A Cotonou comme un peu partout dans les villes du Bénin, l’usage des sachets plastiques est monnaie courante. Il n’y a pas ce jour où articles et repas ne sont pas servis dans les sachets toxiques, et les déchets ménagers bourrés de cette matière à haut risque qui met 400 à 600 ans avant de se décomposer.

Selon les scientifiques, l’usage des sachets plastiques non biodégradables a des effets pervers, aussi bien, sur la santé que l’environnement. Pour le premier cas, le Bisphénol A et les phtalates, produits chimiques présents dans les plastiques, montrent que ces derniers peuvent causer des maladies tel que le cancer. Pour le second cas, les sachets plastiques qui ne sont pas recyclés, finissent souvent par rejeter dans l’océan et tuent progressivement les espèces marines et la flore.

A en croire les environnementalistes, plus d’un million d’oiseaux marins et plus de 100.000 mammifères marins meurent chaque année à cause de l’ingestion de débris plastiques, comme par exemple les tortues qui confondent les méduses aux sacs plastiques. Cela bouleverse la chaîne alimentaire. Leur incinération produit du gaz carbonique et de la vapeur d’eau, principaux gaz à effet de serre qui contribuent au réchauffement climatique. Il y a donc de quoi se débarrasser de ses contenants, qui n’ont rien pour plaire à qui que ce soit.

La loi dans le placard du parlement

Selon nos investigations, deux à trois versions de propositions de loi sur les sachets plastiques séjournent à l’Assemblée nationale depuis plus d'une dizaine d’année pour la plus vieille.

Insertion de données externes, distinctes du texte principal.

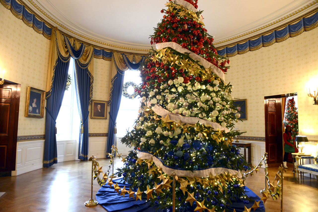 Vestindo look Michel Kors, ela recebeu a imprensa e convidados em Washington para realizar a apresentação oficial. Quem assina o projeto é o designer de interiores Bryan Rafanelli (colaborador de longa data da família Obama), mas um toque fashionista foi inserido em uma série de espaços. São mais de 30 árvores de Natal com linguagens bem diferentes. Michelle convidou quatro nomes importantes da moda para participarem da decoração, e cada um ficou responsável por inserir seu olhar sobre três salas. Carolina Herrera, Humberto Leon, Carol Lim (das marcas Opening Ceremony e Kenzo) e Duro Olowu levaram o clima natalino para a biblioteca, a China Room e a Vermeil Room.
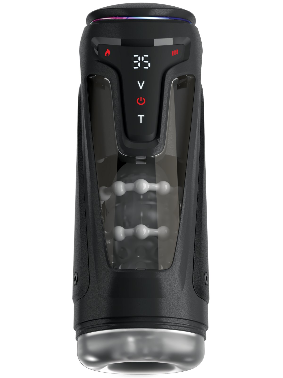 Pro pohodlnější používání je masturbátor vybavený displejem, na kterém uvidíte aktuálně zapnuté módy i stav baterie. Na horní straně je navíc LED kroužek, který po zapnutí mění barvy.
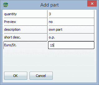 Im Menü Teil hinzufügen [Add part] können Sie Angaben zum betreffenden Teil machen. Klicken Sie einfach mit der linken Maustaste ins jeweilige Feld und nehmen Sie die Eintragung vor.

La récente, agitée dans la presse et ayant fait objet d’atelier à Dassa-Zoumé est celle proposée par le député Jean Eudes Okoundé.

Malgré cet atelier d’imprégnation, et pour une énième fois, l’on remarque que la loi sur les sachets plastiques a du mal à être adoptée. Elle est moins importante que la loi sur le code du numérique ou encore la loi sur le recrutement des collaborateurs extérieurs. Et cela se passe au nez et à la barbe des partenaires au développement, qui ne se lassent jamais de financer les conférences, les séminaires et les ateliers pour in fine n’obtenir aucun résultat. Tout ça se fait sur le dos des contribuables américains, français ou plus largement européens.

La loi boycottée au nom des intérêts

Des témoignages recueillis, plusieurs dirigeants béninois ont leurs intérêts de façon directe ou indirecte dans la fabrication, l’importation et la commercialisation des sachets. Il est donc évident, qu’une loi sur une telle activité ne puisse pas passer à l’Assemblée nationale. Cela parait d'ailleurs normal car, aucun humain ne voudrait se trier une balle dans les pieds.

Plus proches des populations, les conseils communaux ont également la possibilité d’arrêter la saignée en prenant juste un arrêté communal pour interdire la pratique à l'instar d'un arrêté d'interdiction de marche de protestation ou de sit-in. Mais ils ne le font jamais en raison des manœuvres politiciennes et des taxes à percevoir chez les gros bonnets. Pareil pour les préfets, le ministre du cadre de vie et le président de la République, qui, à travers arrêtés ou décret peuvent mettre fin à ce crime.

Les sachets plastiques tuent les populations et détruisent l’environnement à petits feux. Et ce crime revient aux autorités béninoises et aux partenaires au développement.